▶ WHAT IS BEING ASKED: The answer should be an exact repeat of the stretch of material below from the line containing "Insalata tiepida di" through the line containing "km Borujerd |".

(Beginning of DATA PROVIDED)

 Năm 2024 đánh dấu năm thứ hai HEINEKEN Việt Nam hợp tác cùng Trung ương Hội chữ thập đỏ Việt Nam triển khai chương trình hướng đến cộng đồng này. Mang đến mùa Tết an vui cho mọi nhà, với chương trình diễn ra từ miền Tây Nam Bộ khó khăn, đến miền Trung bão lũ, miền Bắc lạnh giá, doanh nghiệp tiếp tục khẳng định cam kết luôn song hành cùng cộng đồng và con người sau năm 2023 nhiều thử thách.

(End of DATA PROVIDED)
(Beginning of DATA PROVIDED)

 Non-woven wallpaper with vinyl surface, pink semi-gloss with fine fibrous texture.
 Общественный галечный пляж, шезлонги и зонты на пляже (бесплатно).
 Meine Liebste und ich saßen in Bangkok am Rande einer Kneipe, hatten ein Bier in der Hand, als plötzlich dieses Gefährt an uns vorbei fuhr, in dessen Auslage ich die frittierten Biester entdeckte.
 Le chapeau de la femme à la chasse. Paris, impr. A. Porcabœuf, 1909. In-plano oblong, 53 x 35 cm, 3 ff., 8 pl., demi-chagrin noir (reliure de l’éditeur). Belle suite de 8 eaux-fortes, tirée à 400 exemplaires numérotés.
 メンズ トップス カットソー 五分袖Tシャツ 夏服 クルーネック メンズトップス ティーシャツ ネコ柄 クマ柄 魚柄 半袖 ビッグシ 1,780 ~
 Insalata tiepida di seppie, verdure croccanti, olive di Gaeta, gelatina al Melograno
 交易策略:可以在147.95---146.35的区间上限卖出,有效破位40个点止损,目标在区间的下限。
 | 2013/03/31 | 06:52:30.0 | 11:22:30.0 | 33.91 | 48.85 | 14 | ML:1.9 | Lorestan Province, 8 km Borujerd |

(End of DATA PROVIDED)

▶ SOLUTION TO THE PROBLEM:
 Insalata tiepida di seppie, verdure croccanti, olive di Gaeta, gelatina al Melograno
 交易策略:可以在147.95---146.35的区间上限卖出,有效破位40个点止损,目标在区间的下限。
 | 2013/03/31 | 06:52:30.0 | 11:22:30.0 | 33.91 | 48.85 | 14 | ML:1.9 | Lorestan Province, 8 km Borujerd |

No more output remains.